Later that day, Kyle’s mom called. Apparently, he had some chores he forgot to do. So, much to my dismay, he left. That’s when things got really bad. My parents worked all day, so my sister and I were the only ones home. But today, she had decided to go to her friend’s house. So, even though I wasn’t technically allowed to have boys in the house when no one’s home, it was just K and I.
He got right to it. He touched my lower stomach a lot, slowly working his way down, as if he didn’t want me to notice. Then, my thigh. Being the meek and passive person I am, I said little. But I did do my best to find excuses to get off the couch. But it only worsened when I sat back down. Soon he was almost on top of me, trying to “tickle” me. I laughed slightly, now on the floor, because he really was tickling me and I’m very ticklish.

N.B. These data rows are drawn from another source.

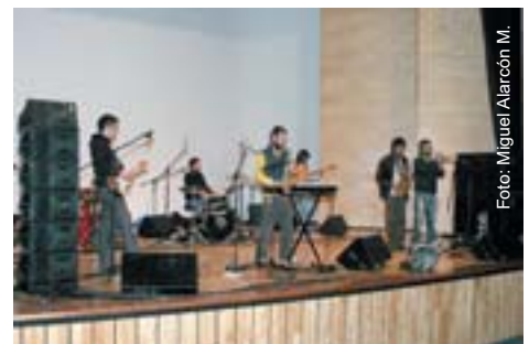
En días pasados la agrupación musical presentó a la comunidad iztacalteca lo más reciente de su producción.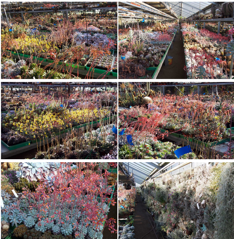
Fotografie Stanislava Stuchlíka k jeho článku na s. 60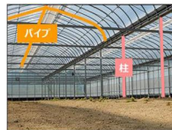
【柱・パイプの交換】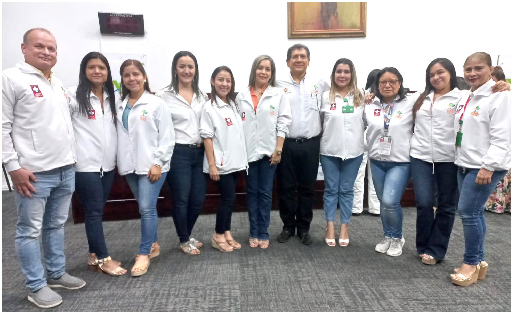
Cinco municipios cumplieron con los ítems con mejor desempeño en Salud Pública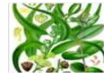
Manejo de Eucalipto RN Lachay

- Acciones orientadas a manejar, controlar o erradicar especies exóticas presentes en el ANP.

In the preoccupation of being tickled, he managed to slide his hand up my shirt and under my bra. I tried to push him off of me. But he already had his knees planted firmly between my thighs, preventing them from closing, and his hands clutching my wrists. I was pinned. I repeatedly told him to get off of me. He ignored my every word. as if I hadn’t said anything at all. I was scared now. There was a look on his face I had never seen on another person before. I was the look of rage accompanied by mania. He unzipped my pants and managed to slide them and my undies down, revealing me, helpless. It hurt when I tried to move my arms. His grip was tight and he didn’t seem afraid to break my wrists if he had to. Then, I began to beg him to stop but, to my horror, he seemed to enjoy my pleas. I soon felt his warm hardness between my legs and I drew in a deep breath as he broke into me, seemingly tearing me inside. It was the most horrible pain I have ever experienced in my life. I cried hysterically and, again, he smiled maniacally as if he enjoyed my distress. He continued for what seemed like hours. And then, he ejaculated into my body. Leaving his filth to rot inside me. He stood up and said one word as he zipped up his jeans. “Slutt.” He went out my front door and closed it behind him.
I pulled up my pants and undies, my hands shaking and my tears streaming down my cheeks. My wrists were red and sore from his restraining grip and the pain between my thighs was excruciating. I stumbled up to my bedroom, put my face in the pillows on my bed and cried for hours.
I didn’t tell anyone about this for at least 8 months. For 8 months I lived in agony I had to hide. Seeing him every once and awhile at the grocery store, at the mall. Getting that same grin from him. Even writing this was probably a bad idea. I hope I have provided some insight with this entree.